We compared performance of the factorized model for different values of D. The same fitting algorithm was used as for the FIR STRF, but iterating separately on the spectral- and temporal filter modules (see Methods). Across the entire vocalization dataset, factorization with D = 2 spectral channels produced the highest mean prediction correlation and performed significantly better than the FIR STRF (Fig 4A and 4B, mean R = 0.464 vs. 0.406, p < 0.0001, sign test). Depending on the convergence of synaptic inputs, there is a theoretically optimal number of dimensions D that describe spectro-temporal selectivity [37]. Beyond that number, STRF performance should asymptote to the performance of the full FIR STRF. In practice, however, factorized models for all values of D tested surpassed the FIR STRF performance, indicating that the reduced number of parameters also improves model performance by reducing estimation noise (Fig 4C).

Fig 4. Factorized model performance.

A. Scatter plot of D = 2 factorized- versus FIR model prediction correlation per neuron shows that the factorized model predicts more accurately for most neurons. B. Histogram of difference in prediction correlation D = 2 factorized and FIR models for each neuron. Error bar at top shows 1 SEM on the difference between model predictions, illustrating the procedure for measuring error bars in the comparisons of average model performance that follow (see Methods). C. Pareto plot compares model complexity (parameter count) versus mean prediction correlation for the FIR model and factorized models, plotted as in Fig 2 (channel count, D = 1…4). Error bars calculated as in B, relative to the FIR STRF. Despite having fewer parameters, the factorized models perform consistently better than the FIR (p < 0.001, sign test, N = 176). The D = 2 factorized model performs best, with about a 15% average increase in correlation over the FIR STRF, despite requiring about one-quarter of the parameters.
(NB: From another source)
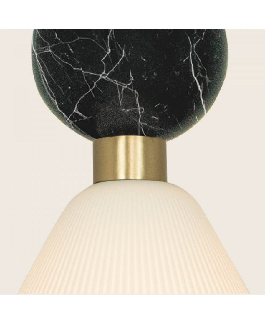O Candeeiro Suspenso Trio Noir destaca-se pela sua composição de três pontos de luz, suspensos de forma assimétrica, criando um efeito visual leve e sofisticado. A combinação da base em preto mate com detalhes em latão, mármore preto e difusores em gesso resulta numa peça de forte presença estética, mas ao mesmo tempo discreta e elegante.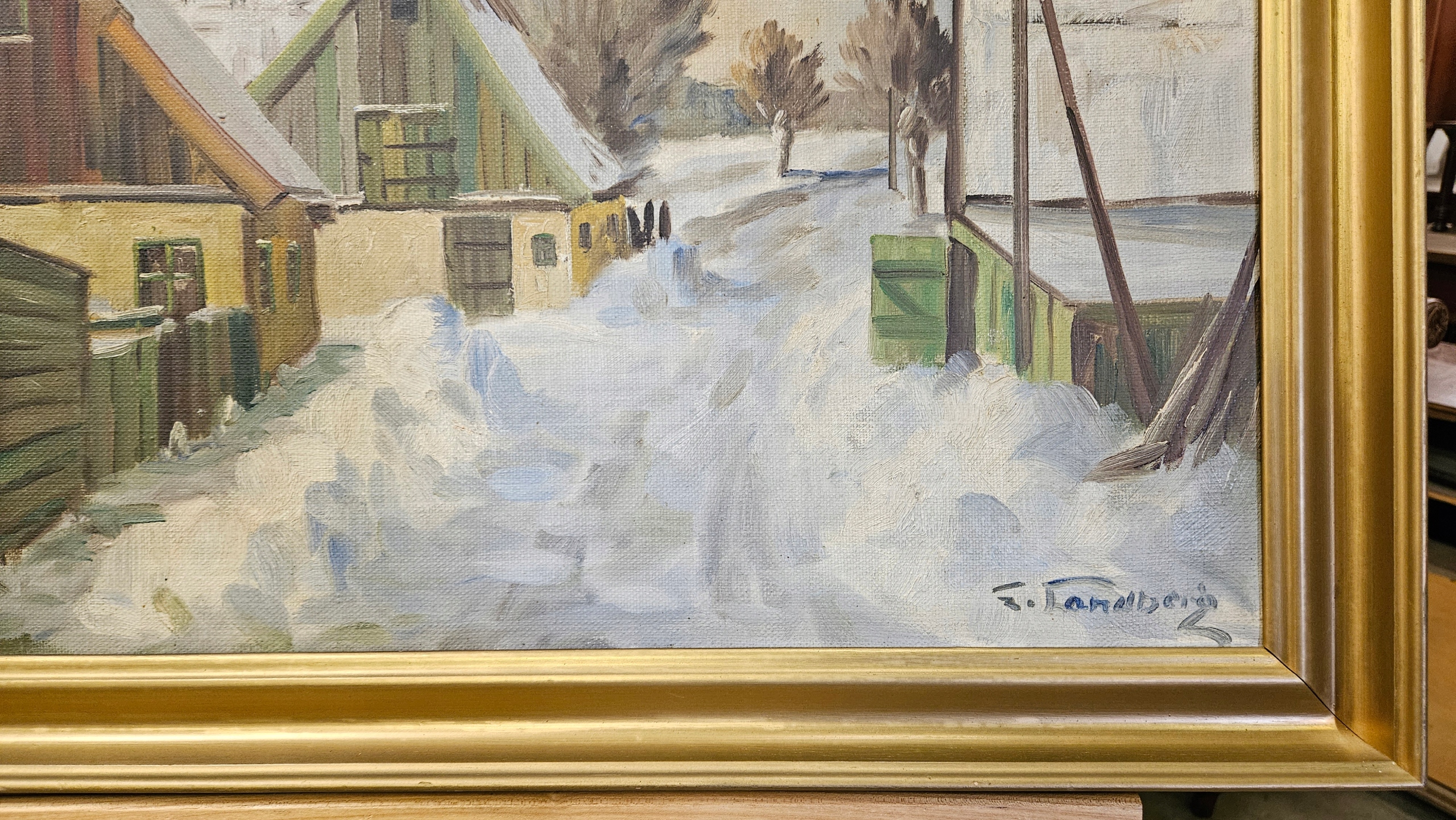 Опис: Продаж прекрасне старе підписане зображення. У роботі представлений мальовничий сільський пейзаж з будівлями взимку.

Factorized models motivate parameterization for further dimensionality reduction.

To explore models with further reduced complexity, we considered ways to approximate spectral and temporal tuning with even fewer parameters than the factorized model. In the factorized model, the columns of Hs and the rows of Ht describe selectivity in the spectral and temporal domains, respectively. These spectral and temporal tuning functions are nonparametric, in the sense that they are not constrained to have a specific functional form. We identified candidate parameterizations of these curves by measuring their average shape across the neural population for the D = 2 factorized model.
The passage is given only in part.